Tuesday, March 30, 2021


 I am still hoping to hear back from Soda PDF; their customer service is apparently pretty backlogged at the moment.  In the meantime, I am evaluating FoxIt and Nitro Pro.  They are similarly priced ($125 vs. $128), but FoxIt is China and Nitro Pro is Australian; putting money into an ally, not an enemy or puppetmaster is preferable.

Both are chugging along OCRing the 1841 Maine session laws, in parallel.  I was not expecting a clear performance advantage of one over the other, although FoxIt seems to be moving a bit faster.  The real tests will be how accurately they do this.  How they handle the accursed margin notes on session laws will be of interest.

So far, Nitro Pro looks simpler to use.  Still waiting for FoxIt's Word output to open.  This was the entire session laws of Maine 1841.  The Word file FoxIt produced was unreadable by Word.

Nitro Pro also failed to produce a readable Word file.

NAPS2 (free) only produces a PDF containing text.  But you can copy the text from the PDF viewer:

Chapter 169. RESOLVE in relation to the Military road. - Resolved, That the sum of twenty-five hundred dollars be and the same is hereby appropriated, for the repair of the military road and the bridges upon the same, from the Penobscot river to Houlton ; and the Governor and Council are hereby authorized to appoint an Agent to superintend the expending of the same, at a compensation not exceeding two dollars per day, upon such bridges and such portions of said road, as he shall think best for the interest of the State.

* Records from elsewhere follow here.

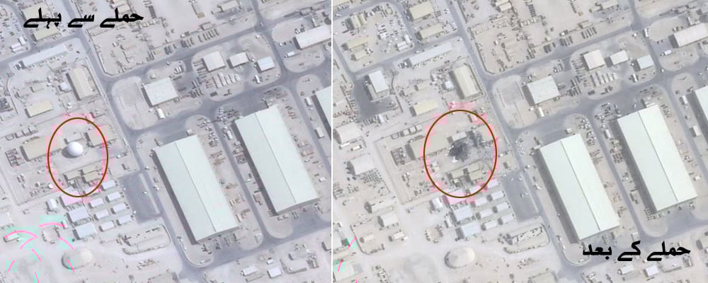 امریکی دفاعی محکمے پینٹاگون نے بالآخر قطر میں واقع العدید ائیر بیس پر ایرانی بیلسٹک میزائل حملے کی تصدیق کردی ہے،حملے سے پہلے اور بعد کی جاری کردہ سیٹلائٹ تصاویر میں اڈے کے مواصلاتی ڈوم کو پہنچنے والی شدید تباہی واضح طور پر دیکھی جاسکتی ہے۔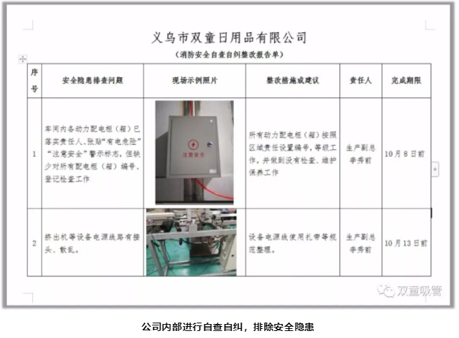 此次重大火災事故發(fā)生後,瞬(shùn)間引發了“.17c嫩嫩草色视频”強烈危機感,所有“.17c嫩嫩草色视频”人深(shēn)刻意識到安(ān)全的重要性!安(ān)全工作已經迫在眉睫,雖然事故發(fā)生後恰逢國慶員工放假期間,“.17c嫩嫩草色视频”安(ān)全工作也在緊鑼密鼓的開展,廠區內安排了值班人員,每天開展安全排查等工作,進(jìn)行自查自糾,並邀請專家到公司做(zuò)安全指導工作。“.17c嫩嫩草色视频(tóng)”在安全排(pái)查期間,共計發現(xiàn)了(le)39項安全隱患,明確責(zé)任人和改進期限,杜(dù)絕安全隱患!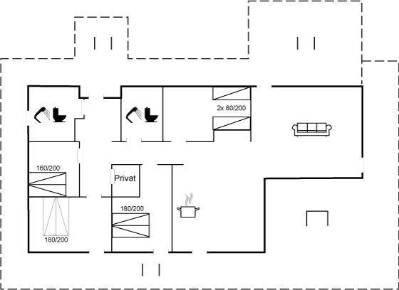 Der er i alt 4 soveværelser. Sovepladserne fordeler sig på: 6 sovepladser i dobbeltsenge. 2 sovepladser i enkeltsenge.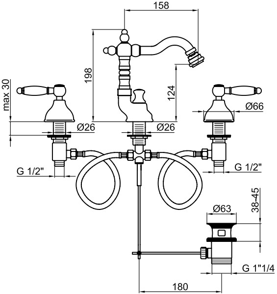 - Смеситель для биде на три отверстия с дистанционным сливом
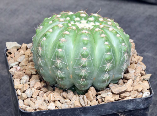 From Brazil, this species is now supposedly Parodia werneri. Well keep this in Notocactus because the flowers resemble other members of this supposedly defunct genus. The short globose-columnar plants slowly offset, and the body is green with gray-white spines. The flowers are reddish magenta. These plants are seedlings in one-gallon pots.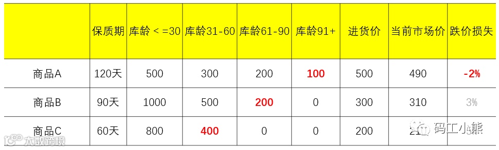 因此,一般商品会统计:库龄(入库多久)指标。在清货的时候,优先清理库龄较久的商品。同时,还会监控市场价格与对手产品。如果对手推出同级别产品,且市场上同级别产品价格已经下降,就开始产生跌价损失,需要及时调整价格了(如下图)。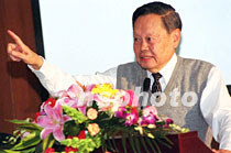 世界著名物理学家杨振宁先生,二十七日在北京市乐竞首页理学院作《量子化、对称、相位因子——二十世纪理论物理学的主旋律》的报告,受到大学师生们的热烈欢迎。中新社记者 张勤 摄

I had to do a little editing of the marginalia that are always on session laws.  Curiously, it will not do it twice, unless I am doing something wrong.   Third time, it worked.  Mystery.

1 comment:

  1. Are you aware of any OCR software where I can use something like the snipping tool to just highlight what I want converted without having to upload an image or document separately? Currently I'm snipping an image of the the text and running it through the OCR program.